On March 19, 1997, DeMarah filed a first charge of discrimination with the Equal Employment Opportunity Office (“EEOC”), asserting discrimination on the grounds of her disability. She states, thereafter, she continued to be harassed and discriminated against and was forced to take a second medical leave of absence due to a hostile work environment in the Fall of 1997. She maintains the above described course of events negatively impacted her including her levels of compensation and promotional opportunities. As a result, on October 30, 1997, DeMarah filed a second charge of discrimination on the grounds of gender and disability and asserting retaliation for her previously filed EEOC charge.

DeMarah underwent surgeries and treatment, including chemotherapy, for her breast cancer through the end of 1998 when her last surgery was performed. Her breast cancer is currently in remission.

II. Summary Judgment Standard.

Summary judgment is appropriate “if the pleadings, depositions, answers to interrogatories, and admissions on file, together with the affidavits, if any, show that there is no genuine issue as to any material fact and that the moving party is entitled to a judgment as a matter of law.” Fed.R.Civ.P. 56(c). When applying this standard, we view the evidence and draw reasonable inferences therefrom in the light most favorable to the nonmoving party. Simms v. Oklahoma ex rel. Dep’t Mental Health & Substance Abuse Servs., 165 F.3d 1321, 1326 (10th Cir.), cert. denied, — U.S. —, 120 S.Ct. 53, 145 L.Ed.2d 46 (1999). Although the movant must show the absence of a genuine issue of material fact, it need not negate the nonmovant’s claim. Id. Once the movant carries this burden, the nonmovant cannot rest upon her pleadings, but “must bring forward specific facts showing a genuine issue for trial as to those dispositive matters for which [she] carries the burden of proof.” Id. “The mere existence of a scintilla of evidence in support of the nonmov-ant’s position is insufficient to create a dispute of fact that is ‘genuine;’ an issue of material fact is genuine only if the non-movant presents facts such that a reasonable jury could find in favor of the non-movant.” Lawmaster v. Ward, 125 F.3d 1341, 1347 (10th Cir.1997).

III. Merits.

A. Statute of Limitations on Second and Third Claims for Relief.

Texaco argues DeMarah’s second and third claims under Title VII and the Equal Pay Act (EPA) are time barred. It asserts, although DeMarah claims her salary and pay grade in 1989 and again in 1991 (when she received a promotion) were too low, she did not file a charge alleging discriminatory pay until March 19, 1997, approximately eight years after she received a pay grade and salary with which she disagreed and approximately six years after she complained internally.

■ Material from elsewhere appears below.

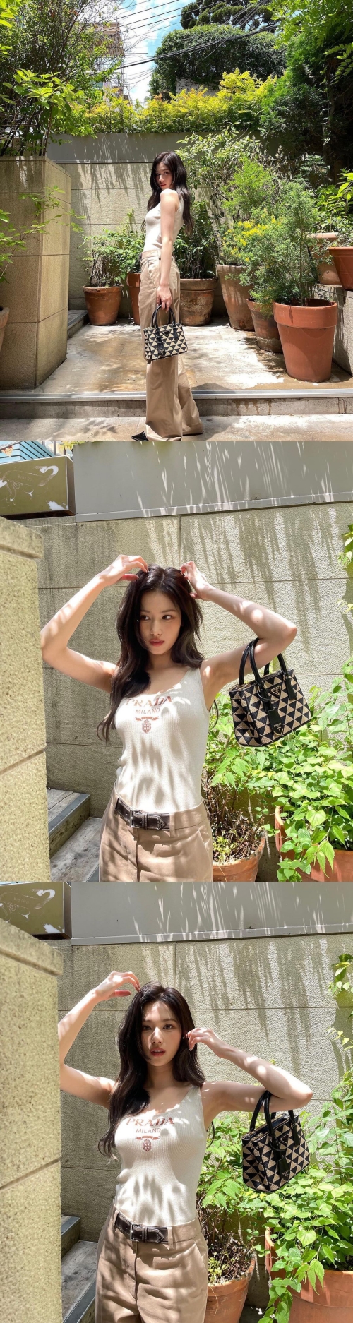 サナはタンクトップにパンツというシンプルな装い。バッグや靴をポイントにした洗練されたスタイリングを披露している。

DeMarah responds Texaco’s illegal conduct constituted a “continuing violation” of Title VII and the Equal Pay Act throughout the time she held a position on the intercorporate desk, that although she complained on an ongoing basis she was never promoted to a pay grade 10, nor recommended for such a promotion. She asserts the male who held the position before her was a pay grade 10 and the male who replaced her in 1997 was promised and promoted to a pay grade 10. Thus, DeMarah argues, her claims were timely filed pursuant to the continuing violation exception.

*1153 The EPA, incorporated into the Fair Labor Standards Act, 29 U.S.C. § 201 et seq., requires that causes of action under the Act be brought -within two years of accrual of the action. 29 U.S.C. § 255(a). Title VII bars a plaintiff from seeking relief for sex discrimination alleged to have occurred more than 300 days before a charge of discrimination is filed with the EEOC. 42 U.S.C.